**Your goal:**
Take the line containing "あげぎょうざ 中華煮 ぶどう(巨峰) 食パン(いちごジャム) 牛乳" through the last line of the data and retype those lines exactly. Pictures do not belong in the copy.

**Data listing:**

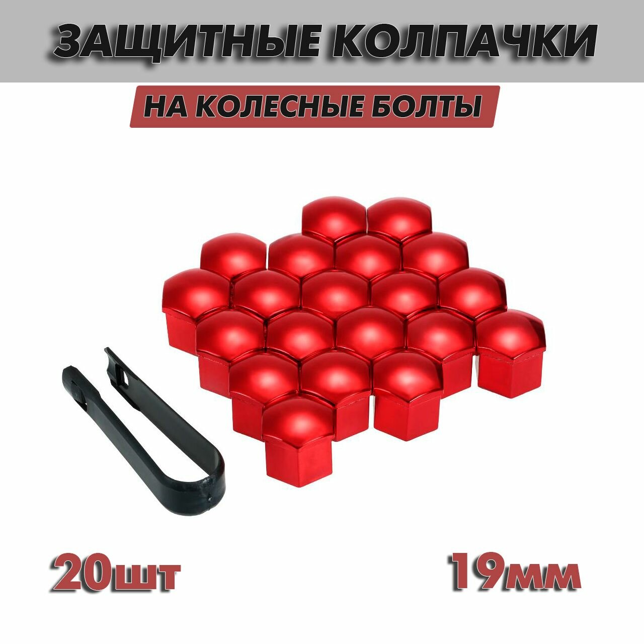 Купить Защитные колпачки на колесные болты и гайки красные, 19мм, 20шт, съемник в комплекте
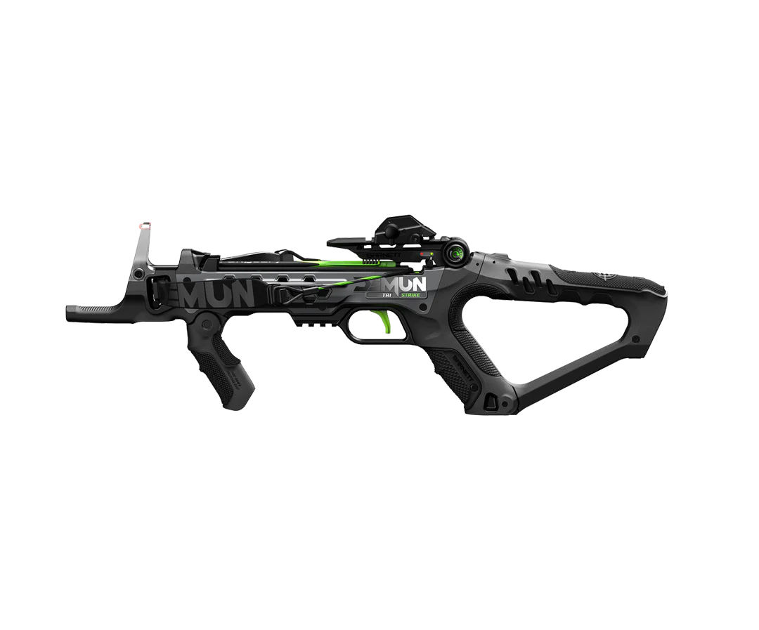 La Demun Tri Strike es una ballesta compacta de triple disparo diseñada para quienes buscan rapidez, versatilidad y potencia en un diseño ultracompacto. Su mecanismo de tres rieles permite disparar tres virotes de manera consecutiva, ofreciendo una cadencia superior frente a las ballestas de un solo tiro, sin sacrificar control ni precisión.
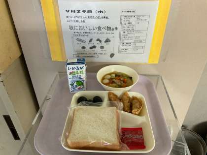 あげぎょうざ 中華煮 ぶどう(巨峰) 食パン(いちごジャム) 牛乳
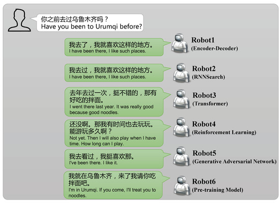 Text generation is a core task in artificial intelligence and natural language processing, which is essential for many popular downstream applications, such as the chitchat style dialogue system for human–machine conversations. Compared with traditional statistical machine learning methods [1,2], the methods based on deep neural networks (DNNs) [3,4,5] have achieved superior performance because they can effectively leverage massive data to capture high-level feature representations and automatically learn strategies for response generations while requiring minimum supervision. A variety of deep learning architectures, such as Seq2Seq, RNNSearch, transformer, generative adversarial nets, reinforcement learning, and pre-trained language models, have been utilized to achieve the state-of-the-art response generation performances on different datasets.
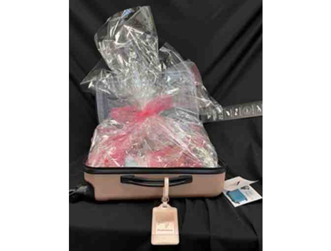 20' inch rolling carry-on suitcase, travel pillow, luggage tags, suit/garment bag, travel containers, etc.
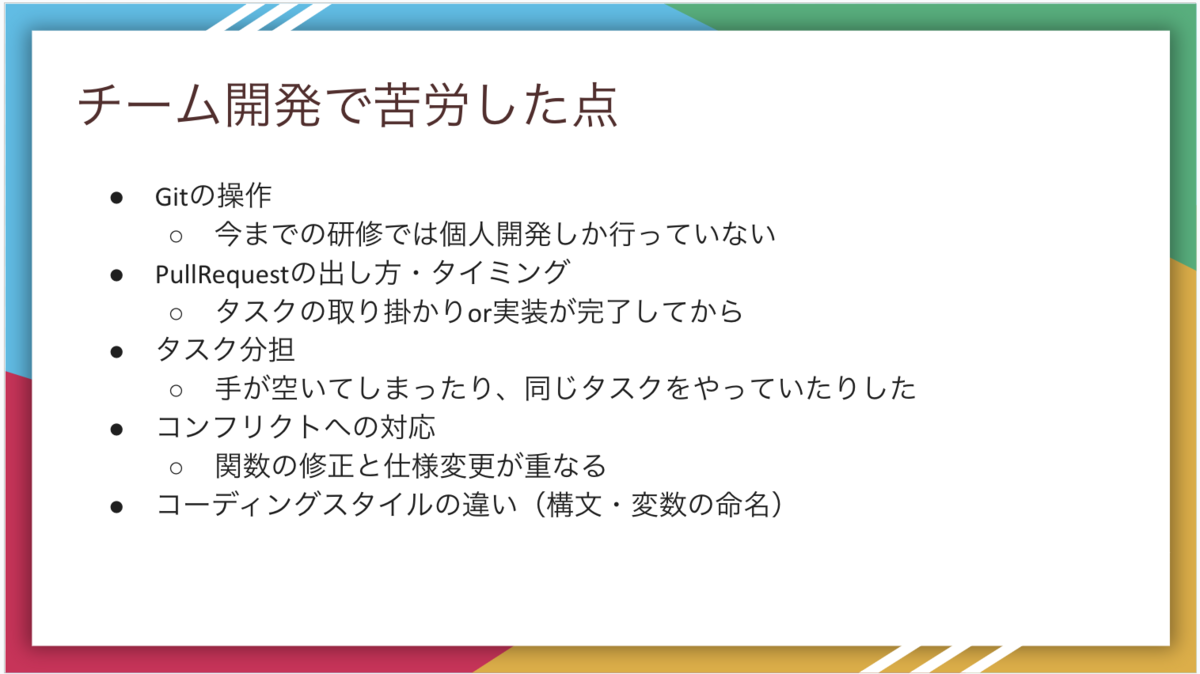 - チーム開発の練習の場として研修中に行い、配属後の業務に活かしていく
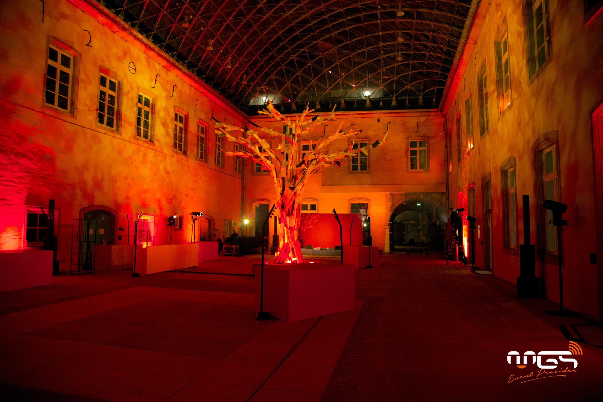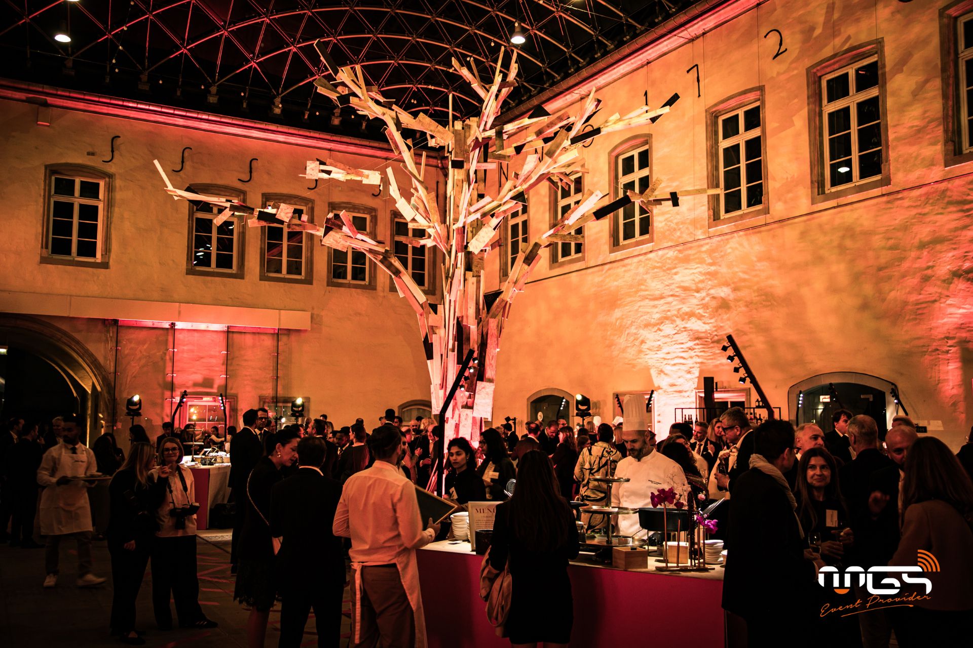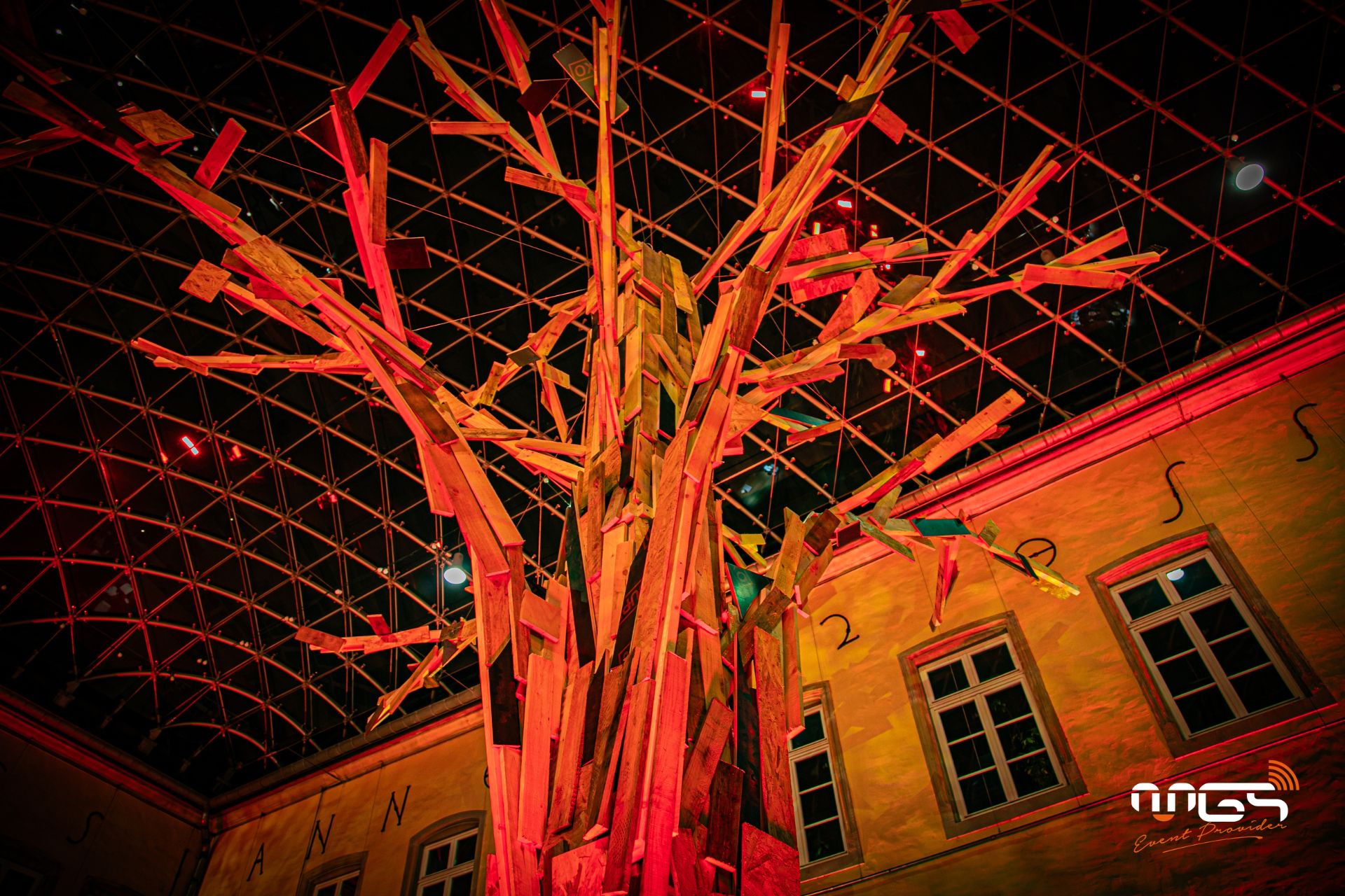 Dans un lieu chargé d’histoire, notre équipe a mis tout son savoir-faire au service d’une expérience unique. Éclairage architectural, sonorisation, mobilier, bar personnalisé, arbre géant sur mesure et toiles tendues : chaque détail a été pensé pour allier technique, design et créativité.
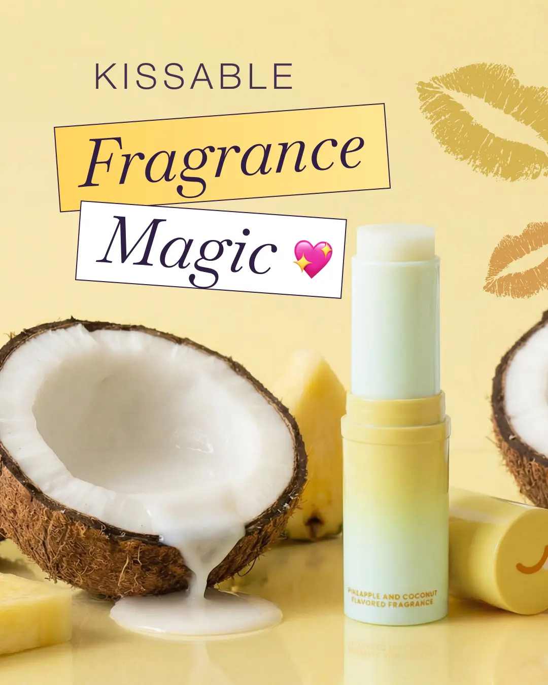·Tropical pineapple + creamy coconut scent and flavored fragrance: This Fragrance and Key Chain combo includes our Pineapple Coconut Flavored Solid Fragrance with a band that wraps around the fragrance and attaches to your purse, backpack, keys, etc. so you can smell and taste good anytime you want.

**Your response:**
 あげぎょうざ 中華煮 ぶどう(巨峰) 食パン(いちごジャム) 牛乳
 Text generation is a core task in artificial intelligence and natural language processing, which is essential for many popular downstream applications, such as the chitchat style dialogue system for human–machine conversations. Compared with traditional statistical machine learning methods [1,2], the methods based on deep neural networks (DNNs) [3,4,5] have achieved superior performance because they can effectively leverage massive data to capture high-level feature representations and automatically learn strategies for response generations while requiring minimum supervision. A variety of deep learning architectures, such as Seq2Seq, RNNSearch, transformer, generative adversarial nets, reinforcement learning, and pre-trained language models, have been utilized to achieve the state-of-the-art response generation performances on different datasets.
 20' inch rolling carry-on suitcase, travel pillow, luggage tags, suit/garment bag, travel containers, etc.
 - チーム開発の練習の場として研修中に行い、配属後の業務に活かしていく
 Dans un lieu chargé d’histoire, notre équipe a mis tout son savoir-faire au service d’une expérience unique. Éclairage architectural, sonorisation, mobilier, bar personnalisé, arbre géant sur mesure et toiles tendues : chaque détail a été pensé pour allier technique, design et créativité.
·Tropical pineapple + creamy coconut scent and flavored fragrance: This Fragrance and Key Chain combo includes our Pineapple Coconut Flavored Solid Fragrance with a band that wraps around the fragrance and attaches to your purse, backpack, keys, etc. so you can smell and taste good anytime you want.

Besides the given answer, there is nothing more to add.